Provided material below:
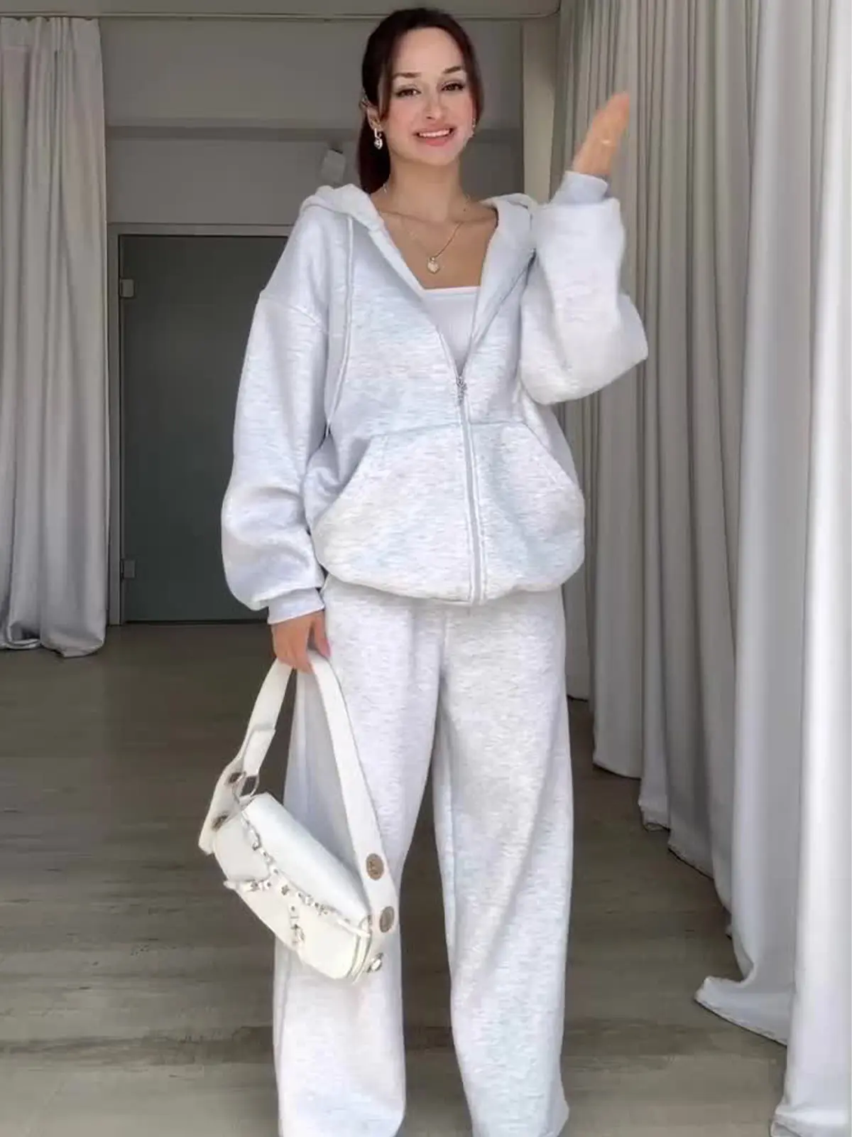 طقم كارديجان فضفاض وبنطلون بلون سادة
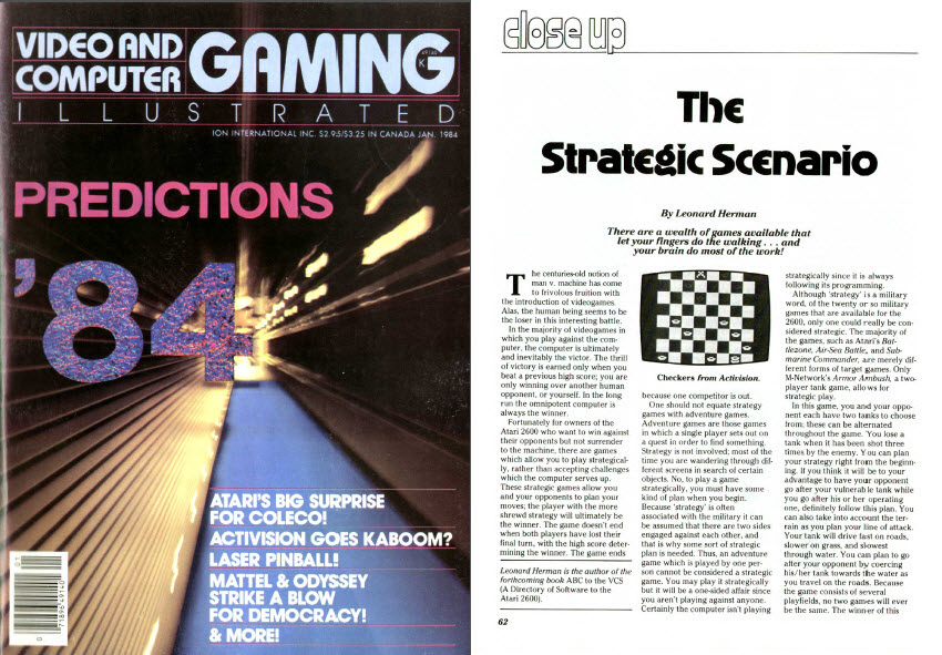 Even though the editors of Videogaming and Computergaming Illustrated weren’t happy with my first article, they decided to give me a second chance. They asked me to do a feature about strategic videogames and I told them I only really knew about the Atari 2600 games. They said that was okay and so I wrote The Strategic Scenerio. This was published exactly as I wrote it. Not one word was altered. This article also featured a short blurb about ABC To The VCS. I’ll never know if they wanted me to continue writing for the magazine as it folded after the issue that followed this one.
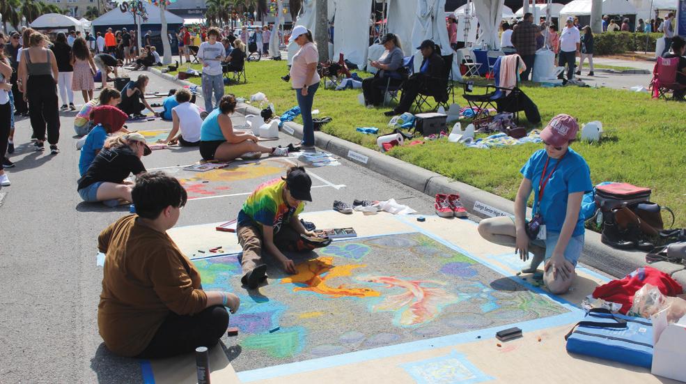 Embracing a tradition rooted in 16th century Italy, 40 teams of Lee County high school students unleash their creativity on the pavement using chalk pastels. Within 7.5 hours at ArtFest Fort Myers, students craft impressive 6-foot square artworks, all inspired by the overarching theme of “The Joy is in the Journey.”
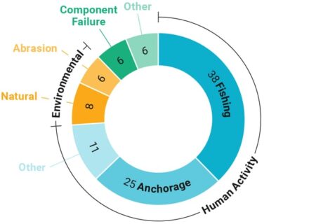 Shunt faults (insulation failure/short circuits) are 86% predominantly due to anchoring/fishing.
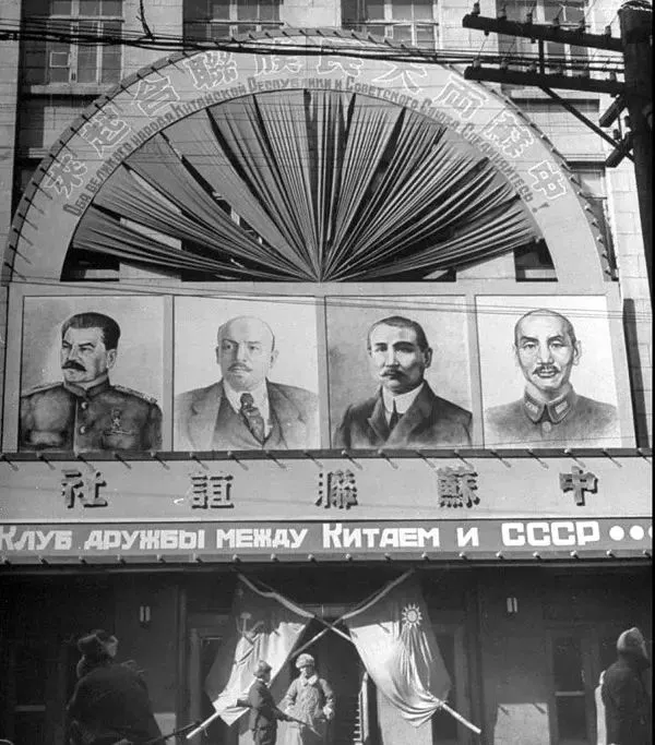 门框上悬挂着斯大林、列宁、孙中山、蒋介石画像,拱形装饰物上用中文和俄文写着“中苏两大民族联合起来”。
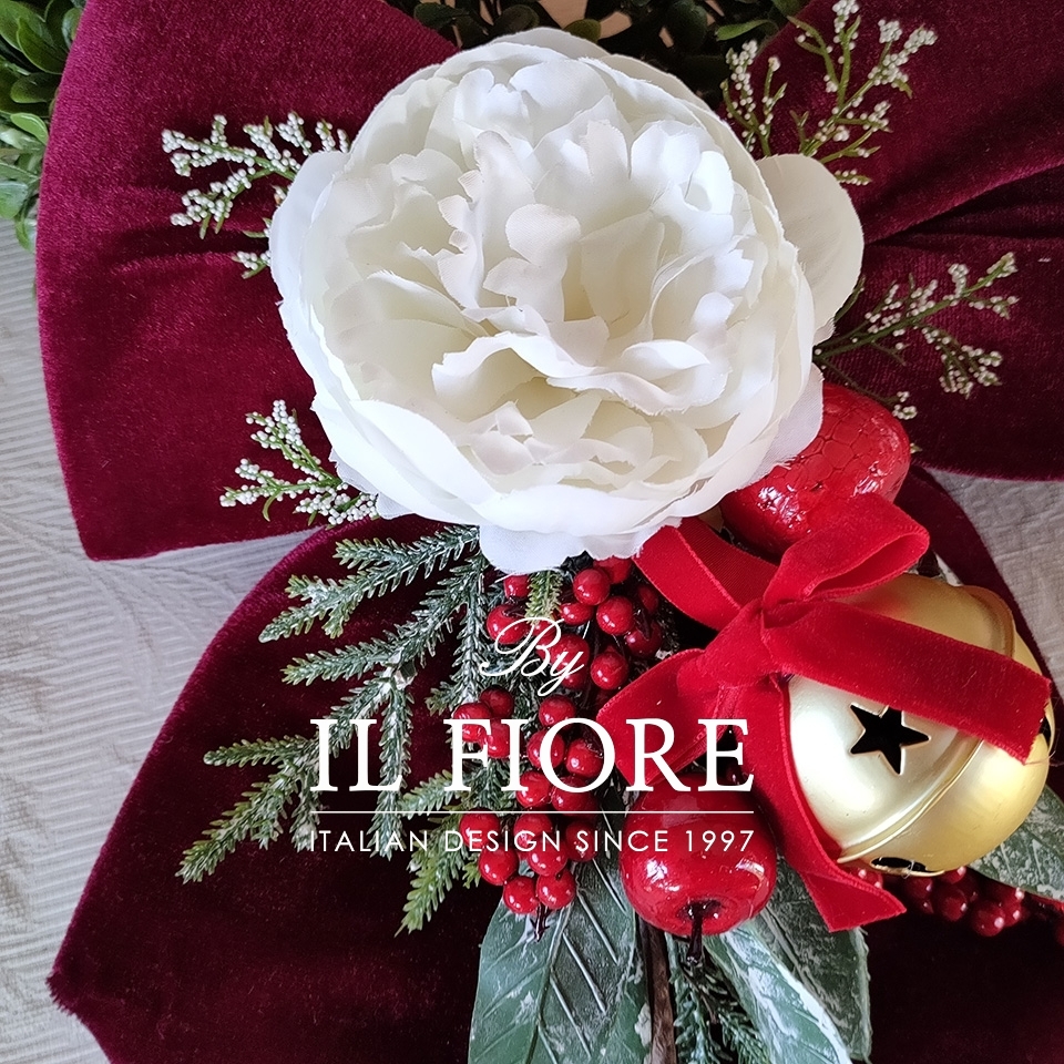Fiocco natalizio per Albero di Natale con campanella e fiori
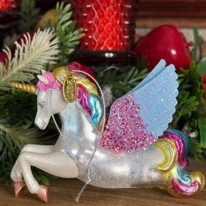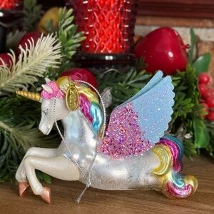A vibrant unicorn ornament featuring glittery wings. The unicorn has a golden horn and a mix of pink, blue, and rainbow colors.
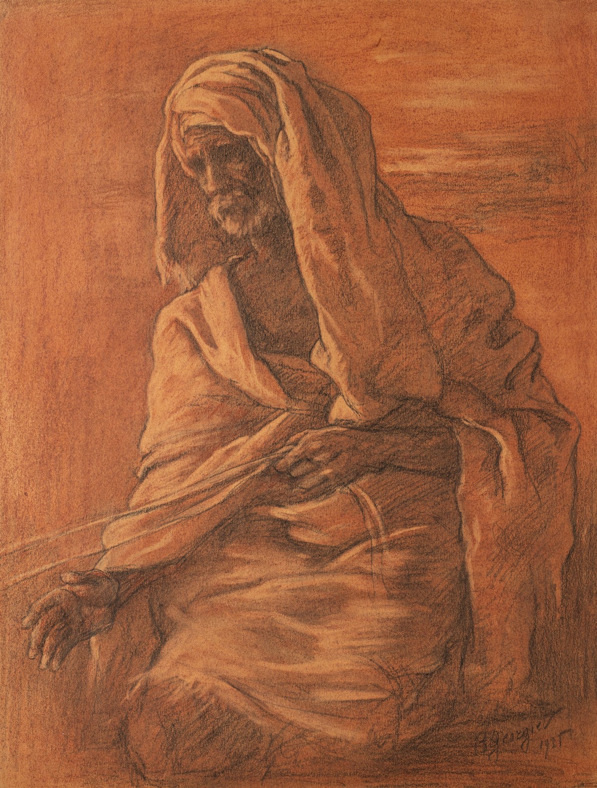 GEORGIEV BORIS (1888 - 1962) Ritratto di Paria. . Tecnica mista su carta. Cm 34,00 x 45,50. Firmato in basso a destra e datato 1935.
End of Provided material.
**Activity:** Transcribe all the records above word for word, without their images.

**Task result:**
 طقم كارديجان فضفاض وبنطلون بلون سادة
 Even though the editors of Videogaming and Computergaming Illustrated weren’t happy with my first article, they decided to give me a second chance. They asked me to do a feature about strategic videogames and I told them I only really knew about the Atari 2600 games. They said that was okay and so I wrote The Strategic Scenerio. This was published exactly as I wrote it. Not one word was altered. This article also featured a short blurb about ABC To The VCS. I’ll never know if they wanted me to continue writing for the magazine as it folded after the issue that followed this one.
 Embracing a tradition rooted in 16th century Italy, 40 teams of Lee County high school students unleash their creativity on the pavement using chalk pastels. Within 7.5 hours at ArtFest Fort Myers, students craft impressive 6-foot square artworks, all inspired by the overarching theme of “The Joy is in the Journey.”
 Shunt faults (insulation failure/short circuits) are 86% predominantly due to anchoring/fishing.
 门框上悬挂着斯大林、列宁、孙中山、蒋介石画像,拱形装饰物上用中文和俄文写着“中苏两大民族联合起来”。
Fiocco natalizio per Albero di Natale con campanella e fiori
A vibrant unicorn ornament featuring glittery wings. The unicorn has a golden horn and a mix of pink, blue, and rainbow colors.
 GEORGIEV BORIS (1888 - 1962) Ritratto di Paria. . Tecnica mista su carta. Cm 34,00 x 45,50. Firmato in basso a destra e datato 1935.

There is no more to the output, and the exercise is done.